But the interaction between hearing aids and earwax isn’t always so good–the moisture in earwax, in particular, can interfere with the normal operation of hearing aids. The good news is, that earwax is predictable and manufacturers are well aware of it.
So a safety component, known as wax guards, have been put in place so that the normal function of your device isn’t impeded by earwax. And those wax guards may be what’s causing the “weak” sound.
Wax Guard Etiquette
There is a little piece of technology inside your hearing aid known as a wax guard. The idea is that the wax guard allows sound to pass through, but not wax.

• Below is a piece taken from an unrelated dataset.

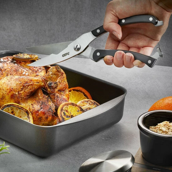 Die Profi-Geflügelschere eignet sich besonders zum Einsatz in der Küche, am Grill im Garten oder auf dem Camping.

In order for your hearing aid to keep working effectively, a wax guard is crucial. But issues can be caused by the wax guard itself in some situations:
- When you bought your new wax guards, you got the wrong model: Every model and maker has a different wax guard. Sound that is “weak” can be the outcome if you purchase the wrong wax guard for your model.
- It’s been too long since the wax guard has been replaced: Wax guards wear out like any other filter. A wax guard can only be cleaned so much. You might need to get a new wax guard when cleaning doesn’t (you can purchase a specialized toolkit to make this process smoother).
- Cleaning your earwax guard needs to be done once a month: it’s been too long since you last cleaned them. Much like any filter, a wax guard can ultimately become clogged with the very thing it’s been tasked with filtering out. Every once in a while, you’ll need to clean the guard or the wax stuck in it will begin to block sound waves and damage your hearing.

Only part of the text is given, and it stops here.